*Instructions for the task*.
Skipping each picture, output the entries exactly as they stand below.

[Recorded data]
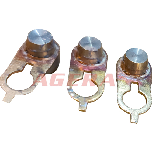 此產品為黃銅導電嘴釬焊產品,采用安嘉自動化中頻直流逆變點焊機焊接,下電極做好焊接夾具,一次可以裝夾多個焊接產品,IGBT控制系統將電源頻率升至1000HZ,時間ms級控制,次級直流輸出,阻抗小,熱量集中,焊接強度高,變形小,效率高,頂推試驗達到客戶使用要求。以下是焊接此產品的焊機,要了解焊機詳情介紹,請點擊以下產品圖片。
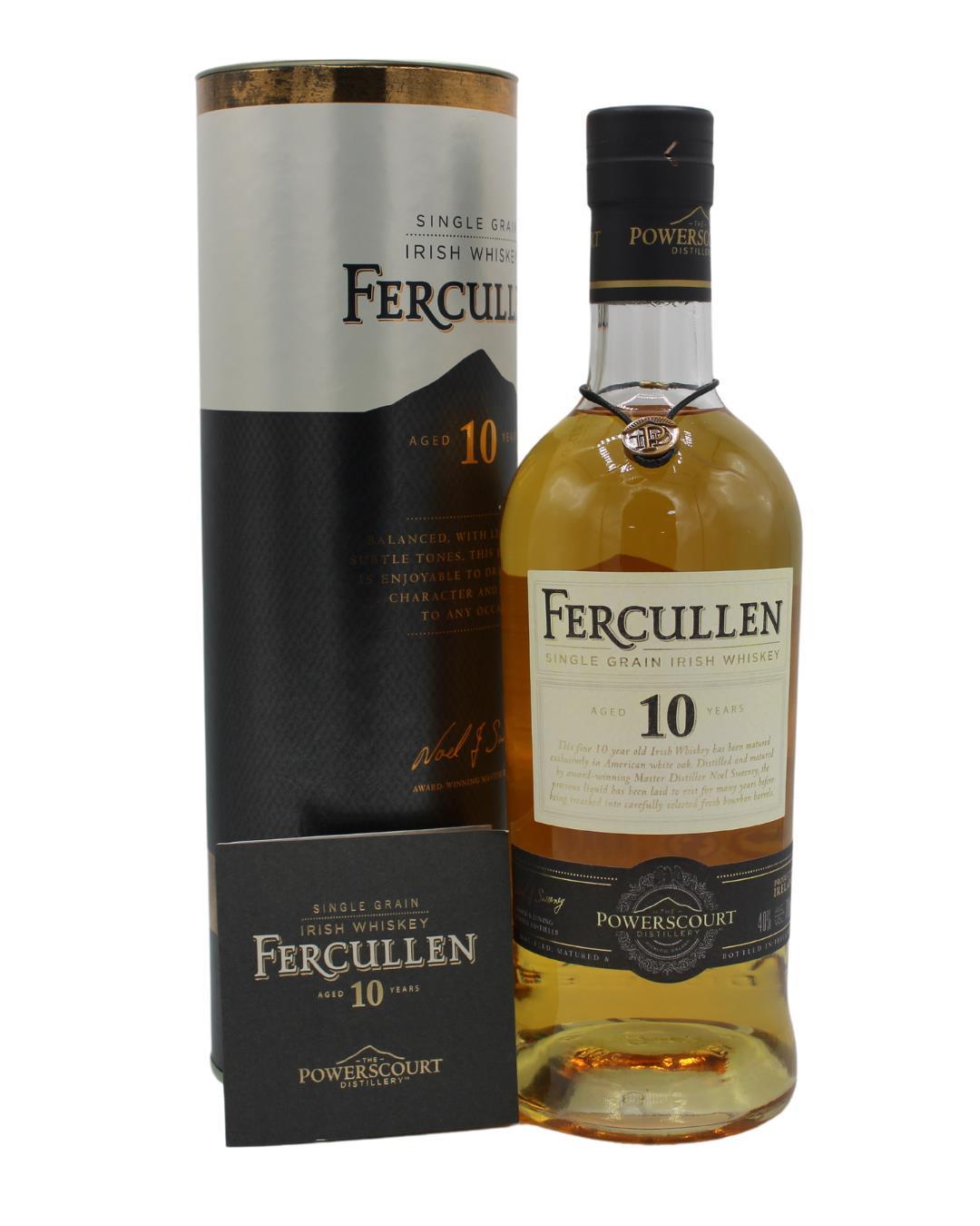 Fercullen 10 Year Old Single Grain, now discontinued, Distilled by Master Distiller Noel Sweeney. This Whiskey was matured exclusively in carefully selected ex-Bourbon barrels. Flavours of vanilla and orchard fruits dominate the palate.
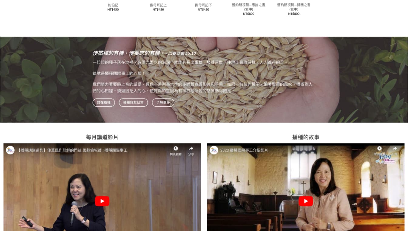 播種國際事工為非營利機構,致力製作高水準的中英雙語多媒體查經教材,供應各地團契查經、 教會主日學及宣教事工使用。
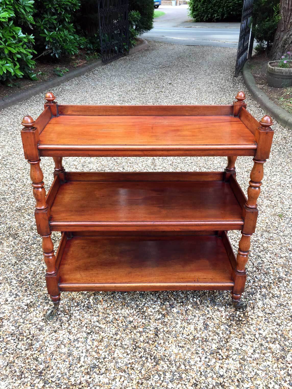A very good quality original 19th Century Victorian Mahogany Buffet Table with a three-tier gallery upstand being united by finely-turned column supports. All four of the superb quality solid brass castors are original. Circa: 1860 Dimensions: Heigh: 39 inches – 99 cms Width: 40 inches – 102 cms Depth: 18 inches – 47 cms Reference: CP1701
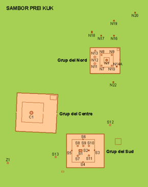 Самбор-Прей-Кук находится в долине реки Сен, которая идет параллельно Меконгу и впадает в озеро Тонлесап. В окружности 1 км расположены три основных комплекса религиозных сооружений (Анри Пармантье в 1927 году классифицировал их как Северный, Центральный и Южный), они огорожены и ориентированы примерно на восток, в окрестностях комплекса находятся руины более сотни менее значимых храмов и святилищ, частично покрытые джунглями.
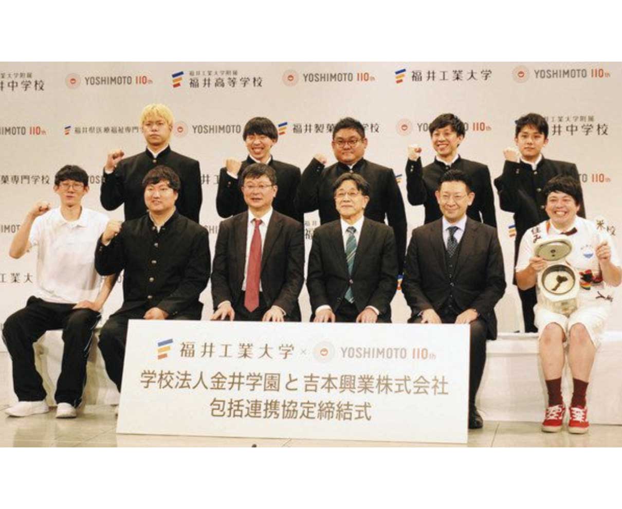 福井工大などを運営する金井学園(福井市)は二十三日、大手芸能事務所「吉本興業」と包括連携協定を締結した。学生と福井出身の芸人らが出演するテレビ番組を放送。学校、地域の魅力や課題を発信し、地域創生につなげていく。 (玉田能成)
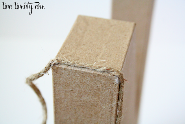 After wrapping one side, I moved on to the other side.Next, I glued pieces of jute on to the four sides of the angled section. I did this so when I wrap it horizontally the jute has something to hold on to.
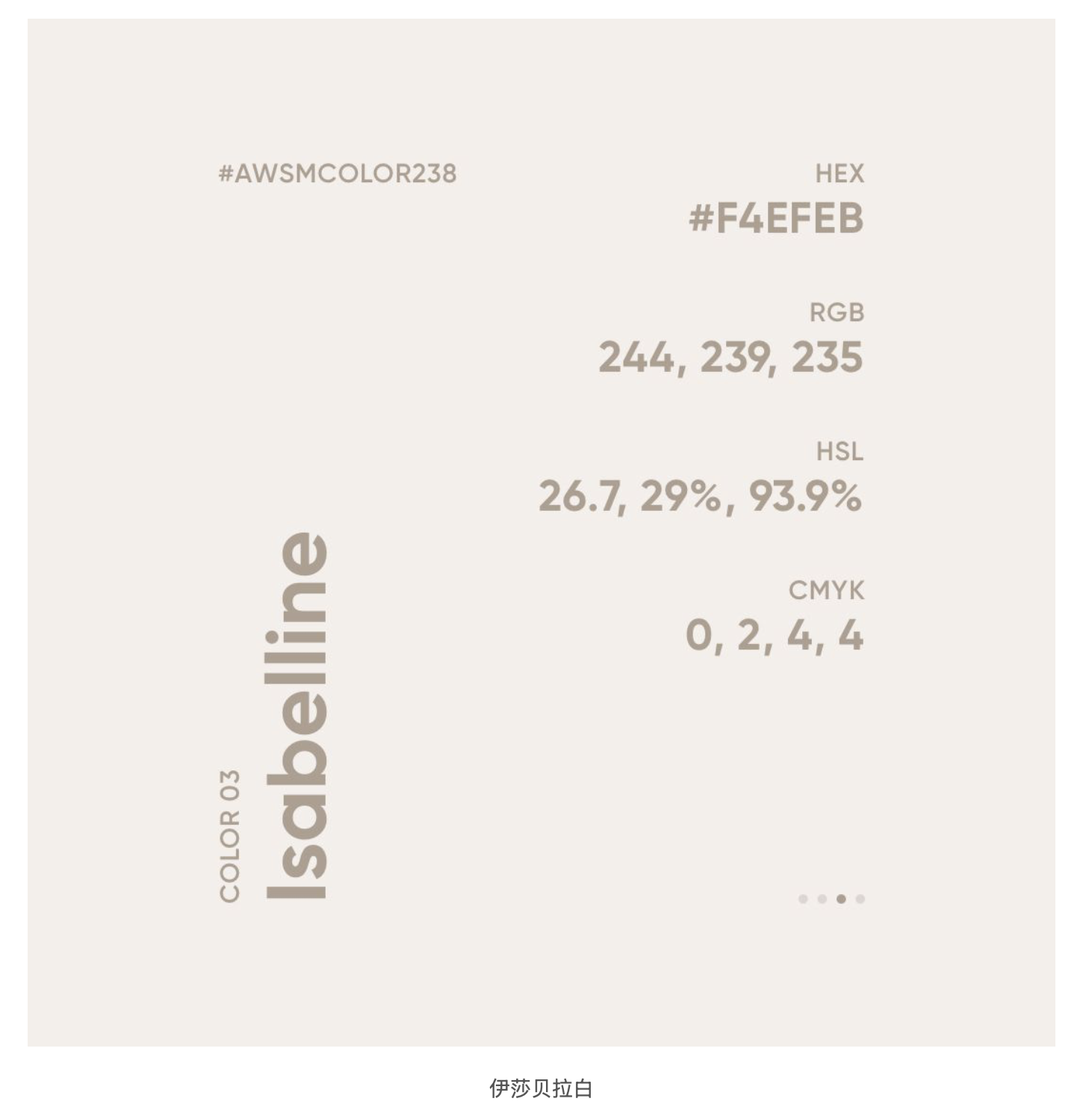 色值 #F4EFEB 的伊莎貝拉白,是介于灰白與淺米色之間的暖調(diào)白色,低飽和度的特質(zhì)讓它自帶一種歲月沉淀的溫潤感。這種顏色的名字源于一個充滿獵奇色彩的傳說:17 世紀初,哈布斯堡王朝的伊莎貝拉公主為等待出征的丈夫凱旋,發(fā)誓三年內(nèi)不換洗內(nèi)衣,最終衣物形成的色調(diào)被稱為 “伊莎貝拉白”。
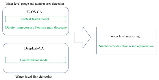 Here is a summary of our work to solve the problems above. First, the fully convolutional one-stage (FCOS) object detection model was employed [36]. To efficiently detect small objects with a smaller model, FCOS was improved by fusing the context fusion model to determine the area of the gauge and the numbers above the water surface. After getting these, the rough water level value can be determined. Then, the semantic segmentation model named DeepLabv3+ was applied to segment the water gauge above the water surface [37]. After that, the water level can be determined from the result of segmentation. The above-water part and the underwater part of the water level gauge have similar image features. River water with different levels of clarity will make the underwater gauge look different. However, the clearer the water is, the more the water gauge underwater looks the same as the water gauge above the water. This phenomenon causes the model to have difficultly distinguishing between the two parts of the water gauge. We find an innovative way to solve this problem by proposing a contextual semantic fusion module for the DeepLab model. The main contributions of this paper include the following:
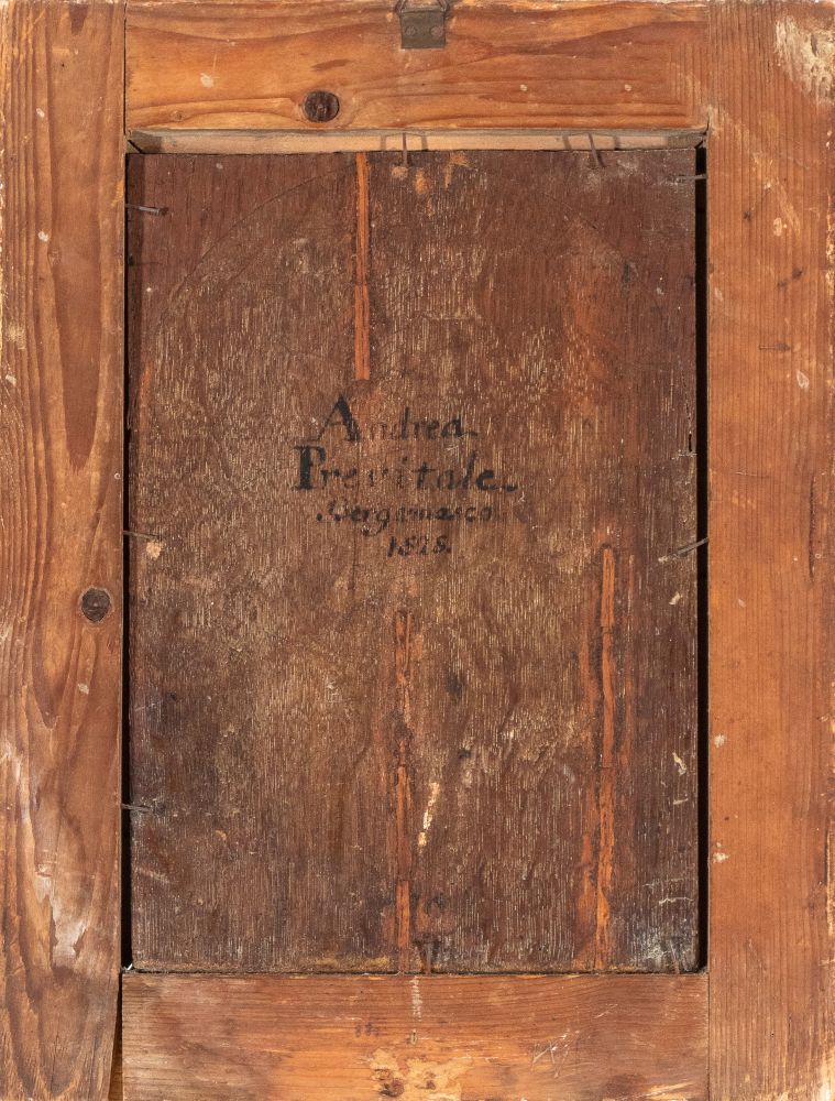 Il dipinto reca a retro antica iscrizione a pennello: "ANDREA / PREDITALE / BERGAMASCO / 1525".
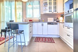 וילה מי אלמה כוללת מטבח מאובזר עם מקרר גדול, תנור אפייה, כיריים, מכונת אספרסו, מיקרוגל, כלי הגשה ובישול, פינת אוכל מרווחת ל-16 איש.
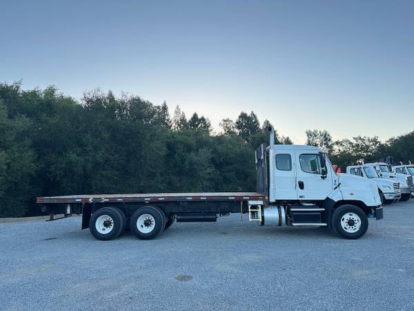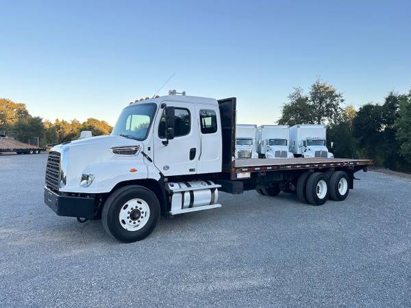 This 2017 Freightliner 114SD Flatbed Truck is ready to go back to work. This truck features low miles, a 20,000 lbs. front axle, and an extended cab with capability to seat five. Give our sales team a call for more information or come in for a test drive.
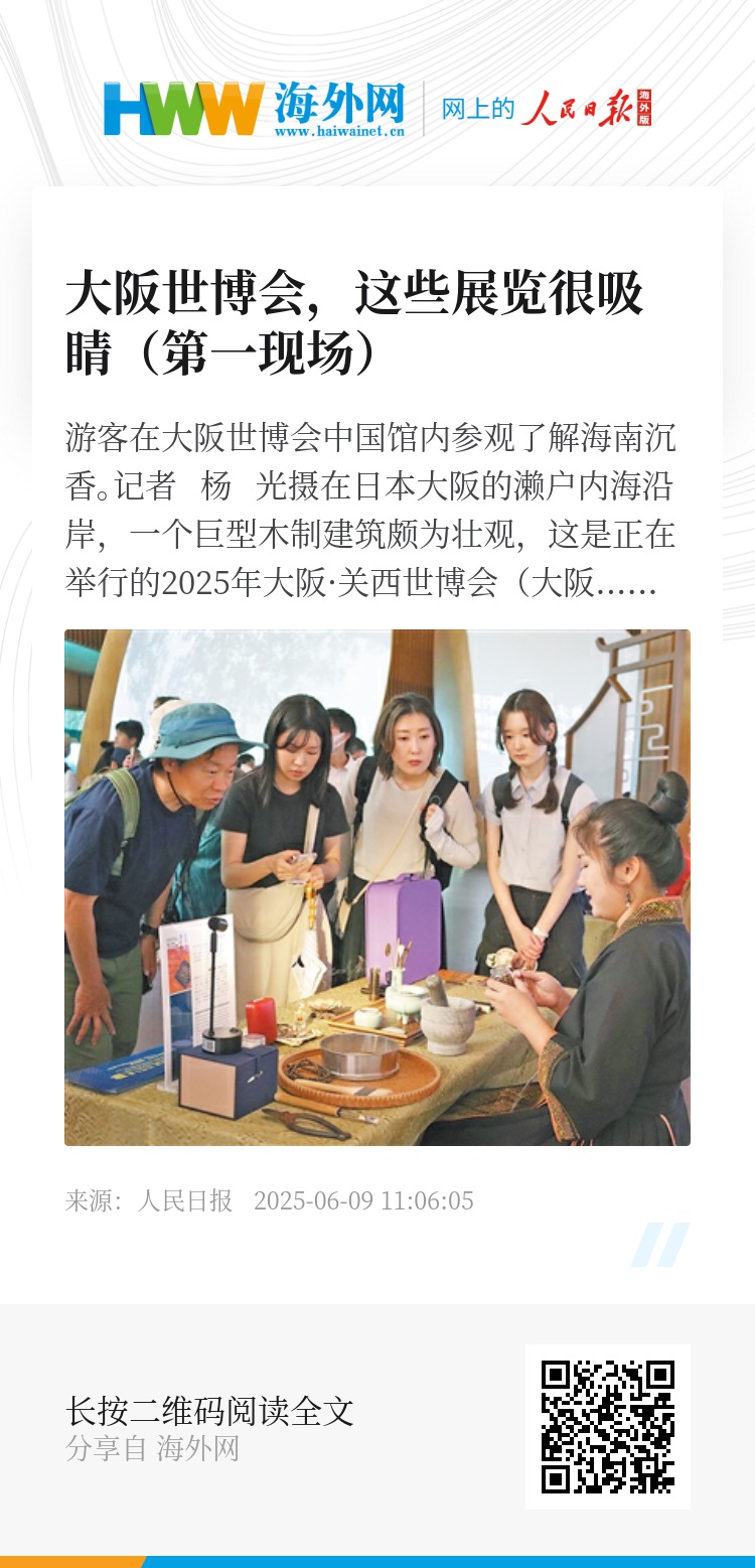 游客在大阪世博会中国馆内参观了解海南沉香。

*Answer section*.
 此產品為黃銅導電嘴釬焊產品,采用安嘉自動化中頻直流逆變點焊機焊接,下電極做好焊接夾具,一次可以裝夾多個焊接產品,IGBT控制系統將電源頻率升至1000HZ,時間ms級控制,次級直流輸出,阻抗小,熱量集中,焊接強度高,變形小,效率高,頂推試驗達到客戶使用要求。以下是焊接此產品的焊機,要了解焊機詳情介紹,請點擊以下產品圖片。
 Fercullen 10 Year Old Single Grain, now discontinued, Distilled by Master Distiller Noel Sweeney. This Whiskey was matured exclusively in carefully selected ex-Bourbon barrels. Flavours of vanilla and orchard fruits dominate the palate.
 播種國際事工為非營利機構,致力製作高水準的中英雙語多媒體查經教材,供應各地團契查經、 教會主日學及宣教事工使用。
A very good quality original 19th Century Victorian Mahogany Buffet Table with a three-tier gallery upstand being united by finely-turned column supports. All four of the superb quality solid brass castors are original. Circa: 1860 Dimensions: Heigh: 39 inches – 99 cms Width: 40 inches – 102 cms Depth: 18 inches – 47 cms Reference: CP1701
 Самбор-Прей-Кук находится в долине реки Сен, которая идет параллельно Меконгу и впадает в озеро Тонлесап. В окружности 1 км расположены три основных комплекса религиозных сооружений (Анри Пармантье в 1927 году классифицировал их как Северный, Центральный и Южный), они огорожены и ориентированы примерно на восток, в окрестностях комплекса находятся руины более сотни менее значимых храмов и святилищ, частично покрытые джунглями.
 福井工大などを運営する金井学園(福井市)は二十三日、大手芸能事務所「吉本興業」と包括連携協定を締結した。学生と福井出身の芸人らが出演するテレビ番組を放送。学校、地域の魅力や課題を発信し、地域創生につなげていく。 (玉田能成)
 After wrapping one side, I moved on to the other side.Next, I glued pieces of jute on to the four sides of the angled section. I did this so when I wrap it horizontally the jute has something to hold on to.
 色值 #F4EFEB 的伊莎貝拉白,是介于灰白與淺米色之間的暖調(diào)白色,低飽和度的特質(zhì)讓它自帶一種歲月沉淀的溫潤感。這種顏色的名字源于一個充滿獵奇色彩的傳說:17 世紀初,哈布斯堡王朝的伊莎貝拉公主為等待出征的丈夫凱旋,發(fā)誓三年內(nèi)不換洗內(nèi)衣,最終衣物形成的色調(diào)被稱為 “伊莎貝拉白”。
 Here is a summary of our work to solve the problems above. First, the fully convolutional one-stage (FCOS) object detection model was employed [36]. To efficiently detect small objects with a smaller model, FCOS was improved by fusing the context fusion model to determine the area of the gauge and the numbers above the water surface. After getting these, the rough water level value can be determined. Then, the semantic segmentation model named DeepLabv3+ was applied to segment the water gauge above the water surface [37]. After that, the water level can be determined from the result of segmentation. The above-water part and the underwater part of the water level gauge have similar image features. River water with different levels of clarity will make the underwater gauge look different. However, the clearer the water is, the more the water gauge underwater looks the same as the water gauge above the water. This phenomenon causes the model to have difficultly distinguishing between the two parts of the water gauge. We find an innovative way to solve this problem by proposing a contextual semantic fusion module for the DeepLab model. The main contributions of this paper include the following:
 Il dipinto reca a retro antica iscrizione a pennello: "ANDREA / PREDITALE / BERGAMASCO / 1525".
 וילה מי אלמה כוללת מטבח מאובזר עם מקרר גדול, תנור אפייה, כיריים, מכונת אספרסו, מיקרוגל, כלי הגשה ובישול, פינת אוכל מרווחת ל-16 איש.
 This 2017 Freightliner 114SD Flatbed Truck is ready to go back to work. This truck features low miles, a 20,000 lbs. front axle, and an extended cab with capability to seat five. Give our sales team a call for more information or come in for a test drive.
 游客在大阪世博会中国馆内参观了解海南沉香。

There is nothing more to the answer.